YOUR OBJECTIVE >>
Please keep to the lines below from the one with "日本百乐(PILOT)78G新色限定款钢笔礼盒套装 意式风情钢笔男女士成人学生用练字送礼 普利蓝灰" through the one with "Côté style, les", and restate them word for word, ends included.

RECORDS PROVIDED >>
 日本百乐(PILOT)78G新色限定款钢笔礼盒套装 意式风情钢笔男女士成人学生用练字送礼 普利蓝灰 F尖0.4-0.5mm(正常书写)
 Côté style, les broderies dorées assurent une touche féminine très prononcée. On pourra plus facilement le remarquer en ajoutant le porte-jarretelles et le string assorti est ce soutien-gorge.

* * *

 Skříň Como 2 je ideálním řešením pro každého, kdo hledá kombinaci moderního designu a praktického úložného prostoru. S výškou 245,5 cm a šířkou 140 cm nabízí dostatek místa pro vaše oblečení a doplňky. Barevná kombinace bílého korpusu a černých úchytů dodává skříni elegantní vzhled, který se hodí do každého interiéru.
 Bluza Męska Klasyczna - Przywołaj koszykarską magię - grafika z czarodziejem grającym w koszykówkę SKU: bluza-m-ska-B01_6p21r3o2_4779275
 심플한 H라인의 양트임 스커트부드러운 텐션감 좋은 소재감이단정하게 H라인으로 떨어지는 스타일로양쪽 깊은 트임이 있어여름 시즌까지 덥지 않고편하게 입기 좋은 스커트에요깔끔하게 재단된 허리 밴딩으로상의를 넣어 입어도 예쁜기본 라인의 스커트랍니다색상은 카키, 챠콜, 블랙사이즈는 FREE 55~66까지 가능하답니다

---

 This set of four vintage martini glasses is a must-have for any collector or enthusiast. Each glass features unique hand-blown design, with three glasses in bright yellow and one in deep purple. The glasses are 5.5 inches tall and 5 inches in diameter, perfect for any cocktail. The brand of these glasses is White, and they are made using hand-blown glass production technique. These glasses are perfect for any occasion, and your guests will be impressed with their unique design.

RESULT OF THE TASK >>
 日本百乐(PILOT)78G新色限定款钢笔礼盒套装 意式风情钢笔男女士成人学生用练字送礼 普利蓝灰 F尖0.4-0.5mm(正常书写)
 Côté style, les broderies dorées assurent une touche féminine très prononcée. On pourra plus facilement le remarquer en ajoutant le porte-jarretelles et le string assorti est ce soutien-gorge.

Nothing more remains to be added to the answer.